Calling BitClear16 and disassembling the code generated, I find that two steps (shift and invert) occur inside the critical section, that could have been done before it:

Code: [Select]

DI V1  // save status register and disable interrupts
EHB
LW A1, -32720(GP)  // load addr
SLLV A0, S3, V0  // mask=1<<bit
NOR A0, ZERO, A0 // mask=~mask
AND A0, A0, A1 // addr&=mask
SW A0, -32720(GP) // store addr
MTCO V1, Status  // restore prior status
EHB

And depending on the context in which BitClear16 is called, I suspect it could be worse. For example, if I called:

Code: [Select]

BitClear16(addr,bit+1);
There is nothing preventing the compiler from opting to do the +1 inside the critical section as well. It seems like ensuring operations occur in a particular order would be a common need, so I did some research, and found reference to this being done with a "compiler barrier":

Code: [Select]

asm volatile ("" ::: "memory")
But this doesn't help me. The offending instructions are performed on registers, so clobbering memory doesn't help. (I tried just to be sure.)

Is there some other hint I can provide to the compiler to prevent this? Preferably other than marking MultiBitClear16 with the 'noinline' attribute (adds overhead), or coding it in pure ASM (adds headaches)?

BloodyCactus · « **Reply #1 on:** July 23, 2015, 12:58:03 pm »

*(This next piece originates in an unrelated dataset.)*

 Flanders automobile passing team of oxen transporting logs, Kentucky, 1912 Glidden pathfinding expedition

my guess is that the C standard does not say if you should resolve the expression as parameter before calling the function or during, but... since the function is inlined, it makes sense to resolve the expression inline with the function, so I dont see anything wrong with what the compiler is doing.

if your using xc32, the pic32 has a 5 stage pipeline, I dont know if they carried over pipeline reordering, but they do have the mips delay slots tho.

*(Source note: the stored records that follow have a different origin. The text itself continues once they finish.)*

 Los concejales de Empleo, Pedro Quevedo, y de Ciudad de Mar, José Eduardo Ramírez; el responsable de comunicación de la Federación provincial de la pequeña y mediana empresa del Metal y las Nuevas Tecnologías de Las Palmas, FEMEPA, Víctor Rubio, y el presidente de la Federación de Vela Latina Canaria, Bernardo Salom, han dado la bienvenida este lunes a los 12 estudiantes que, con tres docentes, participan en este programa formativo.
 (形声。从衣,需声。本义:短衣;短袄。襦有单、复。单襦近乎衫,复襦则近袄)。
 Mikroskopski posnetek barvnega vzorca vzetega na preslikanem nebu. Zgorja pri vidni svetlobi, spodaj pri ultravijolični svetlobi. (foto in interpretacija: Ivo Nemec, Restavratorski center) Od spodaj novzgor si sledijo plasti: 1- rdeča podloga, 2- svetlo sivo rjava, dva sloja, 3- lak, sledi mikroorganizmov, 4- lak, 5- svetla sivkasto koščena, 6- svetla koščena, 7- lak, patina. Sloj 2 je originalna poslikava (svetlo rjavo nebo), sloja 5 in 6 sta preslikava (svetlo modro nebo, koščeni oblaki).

you might want to read section 50.4 on http://ww1.microchip.com/downloads/en/DeviceDoc/61192A.pdf regarding the hazards that trigger for reading/writeing to CP0 and see if any of those affect you.

Quote

It seems like ensuring operations occur in a particular order would be a common need, so I did some research, and found reference to this being done with a "compiler barrier":

well the problem is, this is a modern cpu core with full pipeline and a instruction prefetch cache and the compiler thinks it knows best when it doesnt

Quote

Is there some other hint I can provide to the compiler to prevent this? Preferably other than marking MultiBitClear16 with the 'noinline' attribute (adds overhead), or coding it in pure ASM (adds headaches)?

I would say, resolve your expression yourself before calling the inlined function.

Code: [Select]

uint32_t foo = 1 << bit;
MultiBitClear16(addr,foo);

you could maybe mess with trying to do trigger a branch delay slot.

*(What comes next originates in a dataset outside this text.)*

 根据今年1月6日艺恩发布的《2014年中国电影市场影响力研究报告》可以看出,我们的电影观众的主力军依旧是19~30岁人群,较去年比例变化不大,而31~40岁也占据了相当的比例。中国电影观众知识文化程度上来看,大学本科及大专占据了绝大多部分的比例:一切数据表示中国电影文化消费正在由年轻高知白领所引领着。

you could also try '-fno-delayed-branch' but I dont know if that is active on xc32 gcc

there is also a ".set noreorder" instruction with a ".set reorder" to re-enable it you can try wrapping it with those asm statements.

the easiest thing to do I expect would just be, resolve your expression before passing it as a parameter.

Jeroen3 · « **Reply #2 on:** July 23, 2015, 01:08:03 pm »

What happens when you do this:

Code: [Select]

ZINLINE void MultiBitClear16(UI16 volatile * addr, UI16 mask) {
    mask=~mask; 
    UI32 _mbcs=__builtin_disable_interrupts(); 
    {
    *addr&=mask;
    }
    _mtc0(_CP0_STATUS, _CP0_STATUS_SELECT, _mbcs);
};

The alternative is to write MultiBitClear16 in asm completely.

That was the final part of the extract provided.